Es gibt noch eine weitere Option "Guess filled method arguments". Ist diese aktiv, sucht Eclipse im aktuellen Context nach möglichen Parametern und setzt diese in den Methodenaufruf ein. Wie hoch hier die Trefferquote ist und ob das am Ende doch eher störend ist, muß man ausprobieren.

Gruß
Mag1c


----------



## Guest (7. Okt 2005)

Hi,

erstmal danke für die schnellen Antworten. "Fill argument names on completion" ist wohl nicht das, was ich mir wünsche.
Im JCreator wird bei der CodeCompletion (z.B. bei Methoden)  der Argumentname angezeigt, beispielsweise
_setSize(*int width*, *int height*)_

Bei eclipse sieht das eher so aus:
_setSize(*int arg0*, *int arg1*)_

Hier und da kann es m.E. schon recht komfortabel sein. Gibt es dafür vielleicht eine entsprechende Einstellung?

Gruß
michi


----------



## Bleiglanz (7. Okt 2005)

also bei mir gehts 

nochmal die Frage: von welcher Klasse rufst du denn setSize auf? 

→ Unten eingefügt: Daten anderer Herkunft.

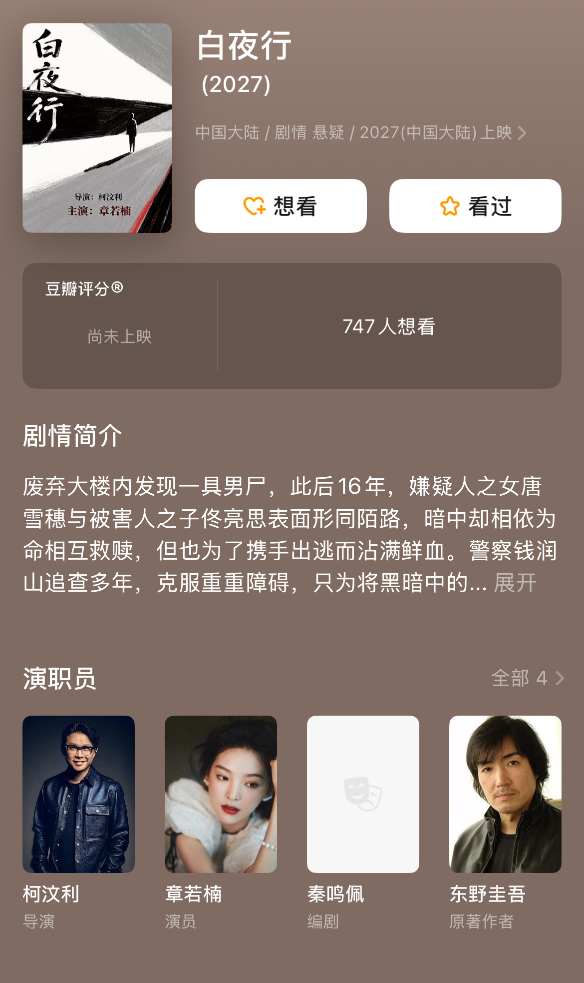 白宇帆辟谣出演《白夜行》:没找过我此前网传阵容为章若楠+白宇帆白宇帆不出演白夜行

sind von der Klasse die Sourcen vorhanden (z.B. über JRE_SRC)??


----------



## Guest (7. Okt 2005)

Ahaa, danke!
Deine Frage hat mir das richtige Brett vorn Kopf gehauen  
Der Fehler war ein verkehrter Pfad in den Sourcen. Dort war der Pfad zu einer separaten JRE angegeben. Nachdem ich den auf die JDK gelegt habe funktioniert's bestens.
Nochmals Danke 

gruß
michi


----------